● **What the task requires**: From the data that follows, set down exactly the lines from the one with "- Hiệu ứng hỏa" through the one with "白い果汁の黒フドウで、主にモ", counting both. Pictures stay out.

● **Record excerpts**:

== Segment start ==

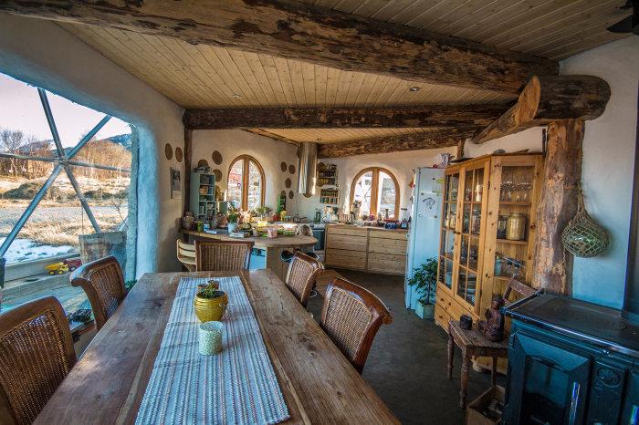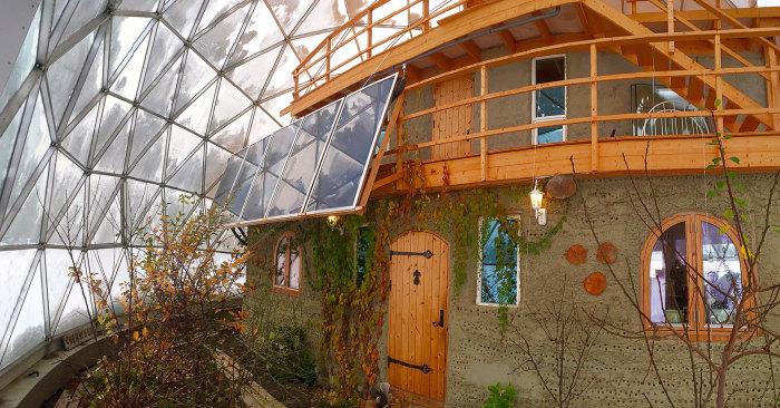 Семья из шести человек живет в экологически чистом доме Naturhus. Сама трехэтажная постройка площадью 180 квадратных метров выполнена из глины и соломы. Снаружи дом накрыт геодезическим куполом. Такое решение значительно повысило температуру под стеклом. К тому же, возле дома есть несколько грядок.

== Segment end ==
== Segment start ==

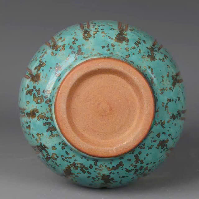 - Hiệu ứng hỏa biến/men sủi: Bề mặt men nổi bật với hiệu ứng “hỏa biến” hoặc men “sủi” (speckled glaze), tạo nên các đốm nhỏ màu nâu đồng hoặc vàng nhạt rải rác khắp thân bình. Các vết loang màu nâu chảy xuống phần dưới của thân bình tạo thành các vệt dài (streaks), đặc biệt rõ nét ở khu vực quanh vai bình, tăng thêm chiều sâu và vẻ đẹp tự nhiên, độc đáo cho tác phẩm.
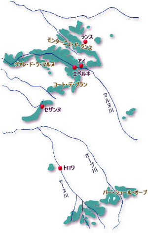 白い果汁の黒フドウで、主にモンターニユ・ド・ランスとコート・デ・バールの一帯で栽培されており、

== Segment end ==
== Segment start ==

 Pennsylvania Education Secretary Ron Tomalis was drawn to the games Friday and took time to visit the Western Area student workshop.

== Segment end ==

● **Exercise solution**:
 - Hiệu ứng hỏa biến/men sủi: Bề mặt men nổi bật với hiệu ứng “hỏa biến” hoặc men “sủi” (speckled glaze), tạo nên các đốm nhỏ màu nâu đồng hoặc vàng nhạt rải rác khắp thân bình. Các vết loang màu nâu chảy xuống phần dưới của thân bình tạo thành các vệt dài (streaks), đặc biệt rõ nét ở khu vực quanh vai bình, tăng thêm chiều sâu và vẻ đẹp tự nhiên, độc đáo cho tác phẩm.
 白い果汁の黒フドウで、主にモンターニユ・ド・ランスとコート・デ・バールの一帯で栽培されており、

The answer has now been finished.